Позже в той же книге появляются строки, прямо указывающие и на попытку отказаться от предназначения быть поэтом, и на глухоту:


Я боролся! я сжег тома
самонаписанные, юн и воинствен,
и когда появлялся указательный палец: пиши!
я его обрубал сталью, а он опять появлялся.

<...>

а потом Указатель отнимает уши и замораживает глаз,
ведь книга не видит, не слышит того, кто не книга.
Не сразу доходит, очарованные Судьбой,
мантикой фраз, книгоношами и магнетическим кристаллом,
это потом Бетховена бьёт, что Указатель глух,
а ведомые им по Брейгелю летят в канавы.

(“Книги как духи и Ниагара и женщины…” /“Флейта и прозаизмы”)


В стихотворении “Несостоявшееся самоубийство” из книги “Знаки” самоирония основана на снижении самого традиционного символа поэтического вдохновения — музы:


В больнице, забинтованный по-египетски, —
мне с суровостью, свойственной медицинскому персоналу,
объясняли и обрисовывали, как я висел, как индивид,
в свете психоанализа и психотерапии,
у меня то же самое состояние (СОС—стоянье)
по последним данным науки нас и масс,
имя ему — “суицид”,
а, исходя из исходных данных, мне донельзя необходимо:
“взять себя в руки”
“труд во благо”
а еще лучше “во имя”
чтобы “войти в норму”
и “стать человеком”
а не болтаться как килька на одиннадцатом этаже,
не имея “цели в жизни”
зарывая “талант в землю”
В том-то и дело. Я до сих пор исполнял эти тезы.
Я еще пописывал кое-какие странички,
перепечатывал буквицы на атласной бумаге
и с безграничной радостью все эти музы — в мусоропровод
. . . . . . . . . . . . . . . . . . .. . . . . . . . . . . . . . . . . . . .

выбрасывал!


Здесь также имеется многоступенчатая метонимия: “листы бумаги” → “стихи, написанные на бумаге”, → “стихи, продиктованные Музой (музами)”, → “музы”.

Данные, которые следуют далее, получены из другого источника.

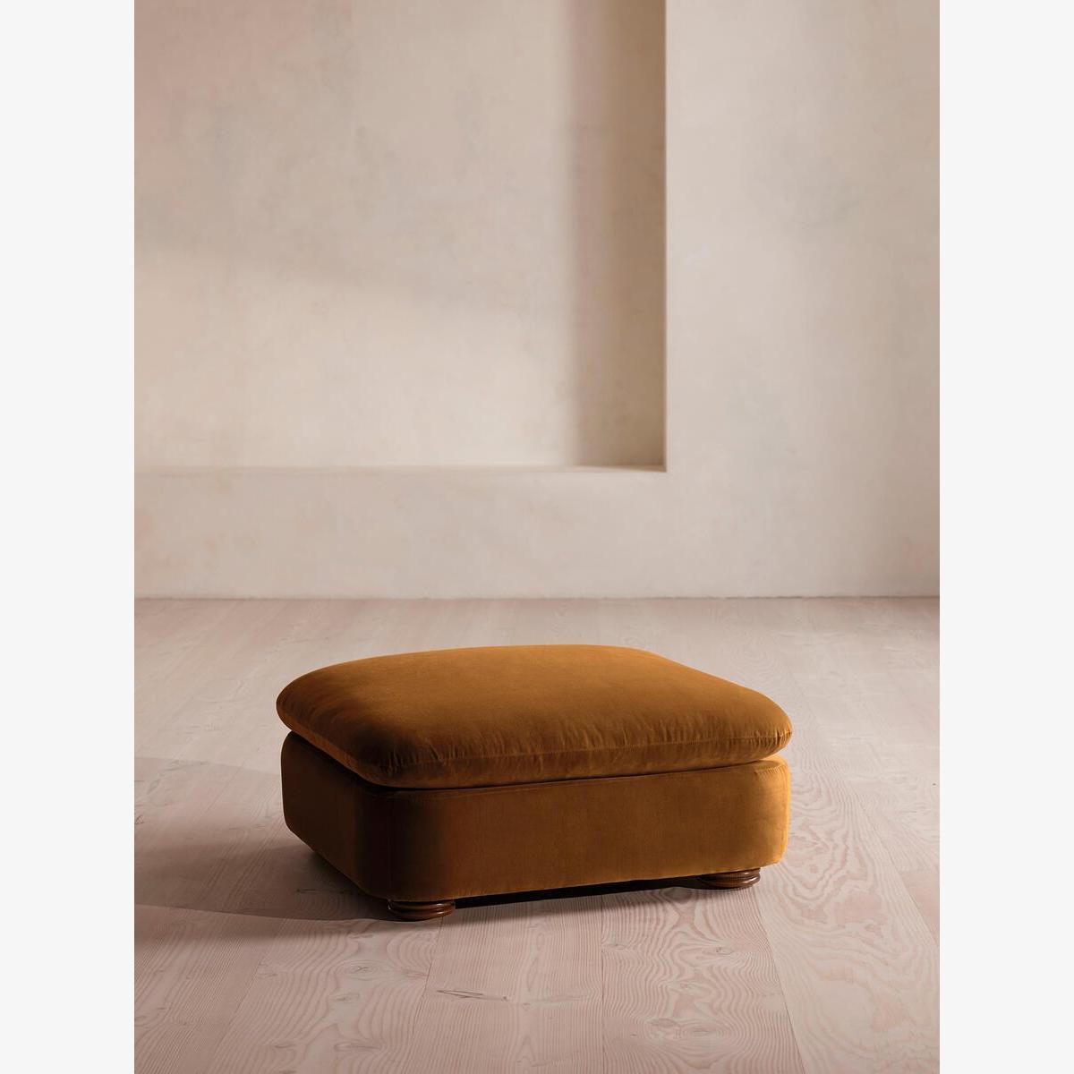 Designed to complement the Rava modular sofa, a square silhouette is softened by curved edges and wrapped in velvet. Taking cues from the social spaces of Soho House Nashville, this ottoman is designed to complement the Rava modular sofa. Upholstered in velvet that comes in our full made-to-order palette, its square silhouette is rounded at the corners for a soft, comfortable finish.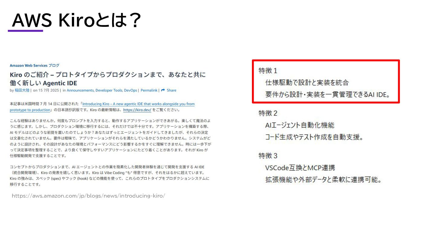 AWS Kiroとは? https://aws.amazon.com/jp/blogs/news/introducing-kiro/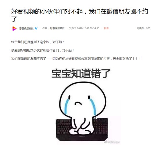 12月10日,百度好看视频在官方微博上发文《好看视频的小伙伴们对不起,我们在微信朋友圈不约了》,称其产品分享至微信朋友圈的内容已被全面封杀。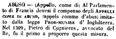 | Abuso - (Appello, come di) Al Parlamento di Francia devesi il compenso degli Appelli come di abuso, (appels comme d'abus) imitato dalla legge Proe-munire d'Inghilterra. Nel 1309, Pietro di Cugnieros, avvocato del Re, fu il primo a proporre questa misura. [immagine] |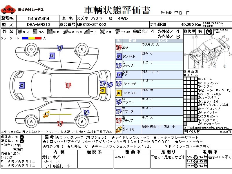 フル装備 / CD(社外) / 乗車定員(4人) / 集中ドアロック / エアバッグ / 助手席エアバッグ / ABS / トラクションコントロール / カーナビゲーション(社外)(インダッシュ,SSD,2DIN) / 地デジTV(社外) / ETC(社外) / アルミホイール(社外)(14インチ) / スマートキー / ハイマウントストップランプ /

Снижение символа метонимическим сдвигом и формой множественного числа усиливается парономазией во фрагменте “все эти музы — в мусоропровод”. Насмешливое переосмысление слова “муза” содержит намек на архаическое произношение и написание “муса”. Архаический подтекст добавляет иронии: мусоропровод предстает устройством для выбрасывания муз. Слово “музы” в этом контексте употреблено как неодушевленное существительное.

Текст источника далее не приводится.